HARPERS FERRY, W.VA. (FinalCall.com) – Scholars, musicians, politicians, modern civil rights icons and descendants of the original participants commemorated the 100th anniversary of the Niagara Movement’s first U.S. meeting Aug. 16-20 on the historic grounds of Storer College, which is now a U.S. National Park.
In 1906, led by Dr. W.E.B. DuBois, dozens of Black men and women met in Harpers Ferry, where abolitionist John Brown had led a slave insurrection that captured the U.S. Army Arsenal at Harpers Ferry–an act that many scholars credit with hastening the onset of the Civil War and eventual end of slavery in this country.
In 1909, members of the Niagara Movement organized the NAACP, the nation’s oldest and strongest civil rights organization today. In 2006, hundreds of activists joined the granddaughter of Dr. DuBois (Dr. DuBois Irvin, professor of Psychology at Xavier University) and his two-time Pulitzer Prize-winning biographer Dr. David Levering Lewis, who is also a professor of History at NYU, and others, who helped recall the life and work of the scholar, whose seminal 1903 book “The Souls of Black Folk” contained the immortal prediction: “for the problem of the 20th Century is the problem of the color line…”
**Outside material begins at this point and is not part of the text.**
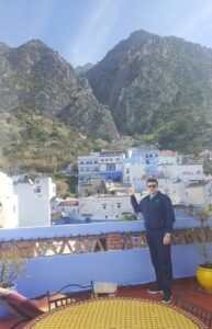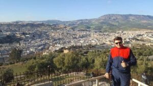 هي مدينة جبلية اسمها مركب ومعناه بالأمازيغية انظر للقمم، شف يعني انظر، شاون يعني قمم، مكثنا بها ثلاثة أيام استمتعنا جدا بجمالها، فكل بيوتها ترتدي لوناً أبيضاً ممزوجاً بالأزرق السماوي، تأسست عام 1471 م على يد علي بن راشد، لايواء مسلمي الأندلس بعد طردهم من طرف الأسبان، حيث كانت بمثابة قلعة للمجاهدين ضد الاستعمار، تتسم مدينة شفشاون بالسمات الجبلية، ذات التضاريس الصعبة والانحدارات المفاجئة والأودية المنخفضة والانكسارات الحادة، وقد عرفت وصول الفاتحين العرب كموسى بن نصير الذي بنى مسجداً له بقبيلة بني حسان شمال غربي شفشاون، وكذا طارق بن زياد الذي لا يزال هناك مسجد يحمل اسمه بقرية الشرفات، ومنذ الفتح الإسلامي للمغرب، أصبحت هذه المنطقة مركزاً لتجمع الجيوش، وفي عهد الأدارسة في القرن التاسع أصبحت المنطقة تحت حكم عمر بن إدريس الثاني الذي جعل من فاس عاصمة لإمارته، وشهدت المنطقة حروب ونزاعات مختلفة حتى تأسيس مدينة شفشاون في 1471م على يد مولاي علي بن راشد، لإيقاف الزحف البرتغالي على المنطقة، و تحتضن المدينة العتيقة لشفشاون مجموعة مهمة من المباني التاريخية التي تعكس إلى حد كبير الطابع التاريخي والحضاري الذي تكتسيه المدينة، ومن أحيائها حي السويقة وحي الأندلس وحي العنصر وحي الصبانين الذي يقع على طول الطريق المؤدية إلى رأس الماء، ويضم حي الصبانين مجموعة من الطواحين التقليدية التي كانت تستعمل لطحن الزيتون، كما يوجد به فرن تقليدي يجاور القنطرة التي توجد فوق نهر يسمى واد لفوارة، وحي منبع رأس الماء ويشكل منبع رأس الماء أساس بناء مدينة شفشاون، فهذا المنبع كان ولا يزال المزود الوحيد للمدينة بالمياه الصالحة للشرب والزراعة أيضاً، كما أنه شكل القوة المحركة للمدينة، وتتوسط المدينة ساحة وطاء الحمام وتعتبر ساحة عمومية بالمدينة العتيقة نظرا لمساحتها التي تبلغ 3000م كما أنها قطب المدينة التاريخي والسياحي باعتبار كل الطرق تؤدي إليها، صممت في البداية هذه الساحة لتكون مقراً لسوق أسبوعي يؤمه سكان الضواحي والمدينة، تغيرت وظيفة الساحة حالياً من سوق أسبوعي إلى ساحة سياحية واحتلت المقاهي مكان دكاكين البيع، وبها يوجد المسجد الأعظم والقصبة وفيها تقام المهرجنات، والقصبة هي منطقة محاطة بسور تتوسطه عشرة أبراج، وتجسد طريقة بنائها النمط الأندلسي في العمارة، يحتوي فضائها الداخلي على حديقة كبيرة مزينة بحوضين، في حين يحتل المتحف الاثنوغرافي الجزء الشمالي الغربي من القصبة، يرجع تاريخ بناء المبنى الذي يأوي المتحف إلى نهاية القرن 17م وقد بناه علي الريفي والي السلطان مولاي إسماعيل على المنطقة، يتخذ هذا المبنى تصميم المنازل التقليدية المغربية التي تتوفر على ساحة داخلية مفتوحة تتوسطها نافورة مائية، محاطة بأروقة وغرف بالإضافة إلى طابق علوي.

In 2006, participants re-enacted a “pilgrimage” to the site of John Brown’s Fort, which had been reconstructed on the farm of Alexander Murphy near the historic town. Participants heard a humble speech of atonement from Sen. Robert Byrd (D-W.VA.), the longest serving member in the history of the Senate and himself a former member of the Ku Klux Klan (KKK); and they faced down a silent protest during the event by two dozen modern-day Klansmen, members of the World Knights of the KKK.
“I cannot claim that I led in the effort” to reverse the erosion of the political rights of Blacks that began with the end of the Reconstruction, said Sen. Byrd. “I cannot claim that. But I was wrong,” he continued solemnly.
“I’ve said it before. I say it now. I was wrong. I don’t say that to get your votes. You have exemplified to me what it means to be tolerant and to be forgiving, and I won’t ever, ever forget it. And I thank you.
“The courageous and determined men and women of the Niagara Movement gathered to register their protest of such treatment, and to make known their intention to be vigilant in their efforts to contest any, any, legal action or practice to assign them status as second-class citizens. That was a great and a right thing to do for our country, and for you.”
Later, the crowd stiffened, but there were no incidents when the modern KKK members arrived, escorted by police. They were not wearing white sheets and hoods, but they wore all-black garments with Nazi paraphernalia and slogans such as “racist and proud of it.”
“Father God, Thou knowest the purpose of our meeting. We come to commemorate a great event that happened in the history of this nation. We come to raise the banner of freedom. We come to raise the banner of our Father and our God,” said Reverend Dr. Benjamin Hooks, former NAACP president and former Federal Communications Commission member, in the opening invocation.
Sen. Byrd and Dr. Hooks unveiled a State Historical Marker commemorating the Niagara Movement’s 1906 Harpers Ferry meeting.
A month earlier, current NAACP President Bruce Gordon and Board Chairman Julian Bond unveiled a tablet honoring the John Brown raid, which was originally set to be placed on the Storer College campus in 1932.
“Here, John Brown aimed at human slavery a blow that woke a guilty nation,” the plaque read in part. Its dedication was delayed more than 70 years because the college administration thought it to be too militant at the time. Storer College was closed in 1965 after West Virginia’s colleges and universities were integrated as a result of the Brown v. Board Supreme Court decision.
The weeklong Niagara Movement Centennial was organized by U.S. Park Ranger Todd Bolton, with the assistance of Jefferson County, West Virginia-NAACP President George Rutherford. The planning spanned a 12-year period.
In 1896, 10 years before the Niagara meeting, the Colored Women’s League of Washington, D.C., led by Dr. Mary Church Terrell, met in Harpers Ferry and made a pilgrimage to the John Brown Fort.
The 2006 commemoration heard from many civil rights pioneers, including the widow and daughters of Reverend Dr. Ralph Abernathy, Reverend Walter Fauntroy, and included musical performances by folk singer Odetta, the Count Basie Orchestra and the Gospel Choir from Shiloh Baptist Church in Washington, D.C., among others. Reverend J. Milton Waldron, pastor of Shiloh Baptist Church in 1906, was an original participant in the Niagara Movement meeting.